INFORMATION SUPPLIED section start

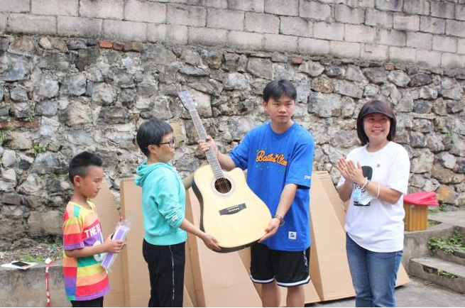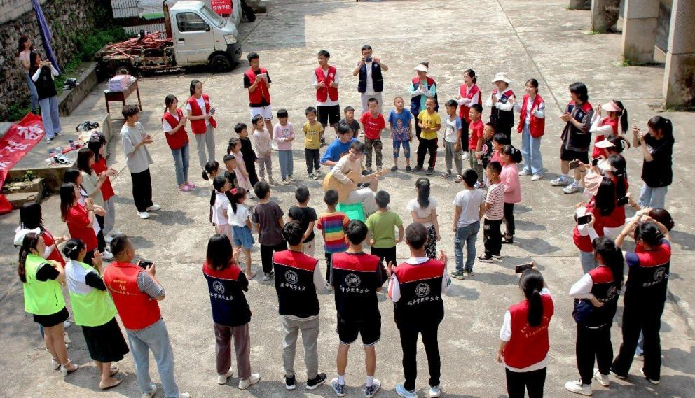 “经心筑梦团”成员和两位“萌芽音悦”项目团队负责人参与此次公益活动。首先,“萌芽音悦”项目的两位负责人演奏吉他,志愿者与孩子们一起合唱歌曲《孤勇者》。合唱结束后开展了老鹰捉小鸡、兴趣话谈、音乐课堂等活动环节,拉近了志愿者与孩子们的距离,让孩子们初步了解乐器的基础知识和弹奏方法。活动最后,志愿者们给孩子们捐赠了十把吉他,助力乡村音乐教育。
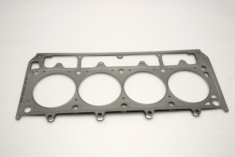 Comprised of multiple embossed layers of stainless steel with the outer layers utilizing a Viton rubber coating. Compressed operating thickness is 0.098". 18 Bolt Heads. Right Side. Cometic MLS (Multi-Layer Steel) Head Gaskets provide maximum sealing performance for todays high output engines and require no sealants. MLS gaskets are ideal for both aluminum heads to aluminum blocks and aluminum heads to cast iron blocks. They can withstand the shearing force created by the two materials. MLS gaskets have increased strength because they are comprised of multiple layers of stainless steel; which also creates the ability to rebound and resist corrosion. The outer layers are embossed and coated on both sides with Viton (a flour elastomer rubber based material that is heat resistant to 250 C/ 482 F). Viton is designed to meet the demands of a variety of harsh sealing environments, load conditions, and surface finishes. The center or shim layer is uncoated stainless steel, which can be varied to accommodate multiple thickness requirements.
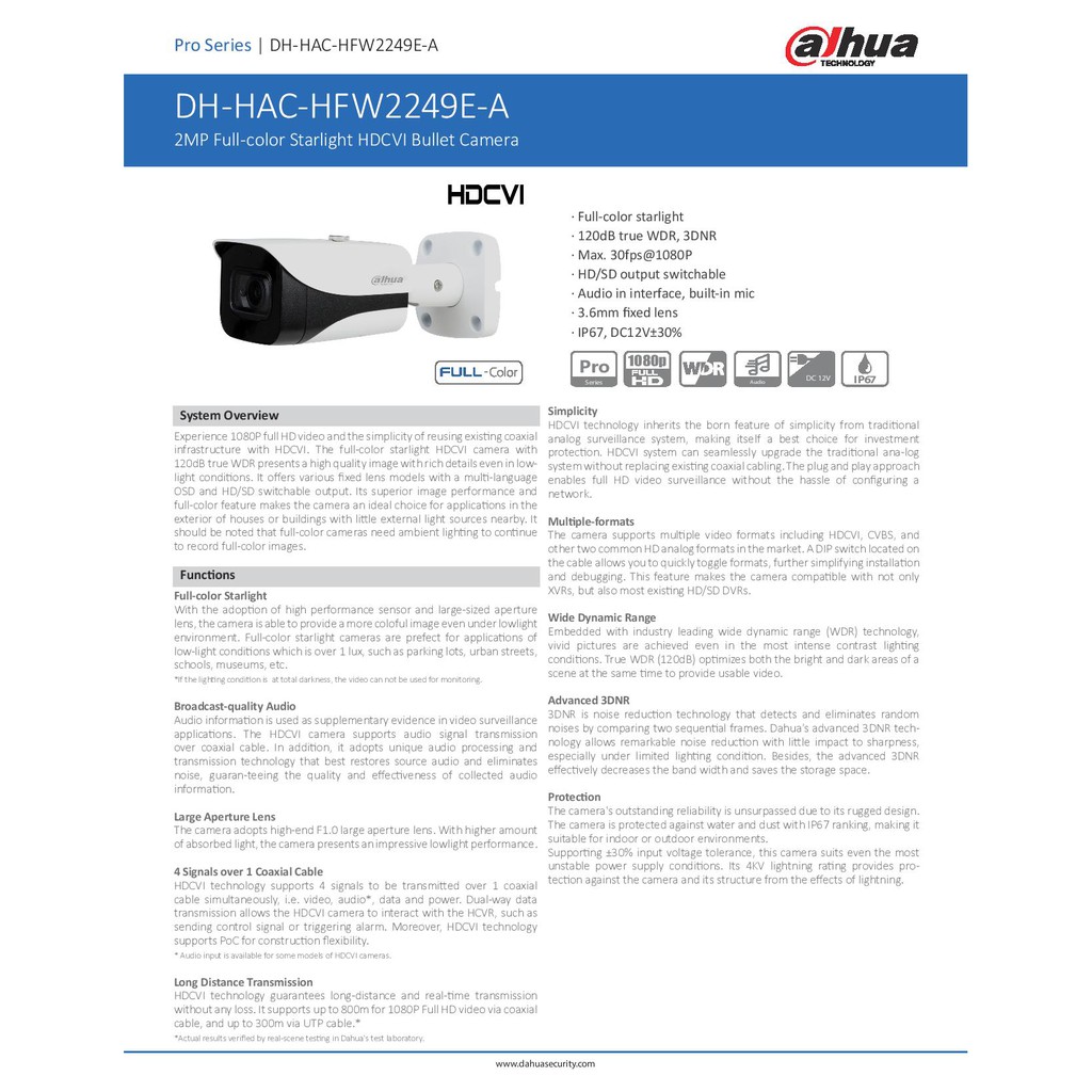 DAHUA 2MP ANALOG HAC-HFW2249E-A-NI FULL COLOR STARLIGHT HDCVI MICROPHONE (BUILT-IN MIC) BULLET CAMERA

INFORMATION SUPPLIED section end

• EXERCISE DIRECTIONS
Return the material exactly as given, apart from the pictures.

• ANSWER TO THIS PROBLEM
 “经心筑梦团”成员和两位“萌芽音悦”项目团队负责人参与此次公益活动。首先,“萌芽音悦”项目的两位负责人演奏吉他,志愿者与孩子们一起合唱歌曲《孤勇者》。合唱结束后开展了老鹰捉小鸡、兴趣话谈、音乐课堂等活动环节,拉近了志愿者与孩子们的距离,让孩子们初步了解乐器的基础知识和弹奏方法。活动最后,志愿者们给孩子们捐赠了十把吉他,助力乡村音乐教育。
 Comprised of multiple embossed layers of stainless steel with the outer layers utilizing a Viton rubber coating. Compressed operating thickness is 0.098". 18 Bolt Heads. Right Side. Cometic MLS (Multi-Layer Steel) Head Gaskets provide maximum sealing performance for todays high output engines and require no sealants. MLS gaskets are ideal for both aluminum heads to aluminum blocks and aluminum heads to cast iron blocks. They can withstand the shearing force created by the two materials. MLS gaskets have increased strength because they are comprised of multiple layers of stainless steel; which also creates the ability to rebound and resist corrosion. The outer layers are embossed and coated on both sides with Viton (a flour elastomer rubber based material that is heat resistant to 250 C/ 482 F). Viton is designed to meet the demands of a variety of harsh sealing environments, load conditions, and surface finishes. The center or shim layer is uncoated stainless steel, which can be varied to accommodate multiple thickness requirements.
 DAHUA 2MP ANALOG HAC-HFW2249E-A-NI FULL COLOR STARLIGHT HDCVI MICROPHONE (BUILT-IN MIC) BULLET CAMERA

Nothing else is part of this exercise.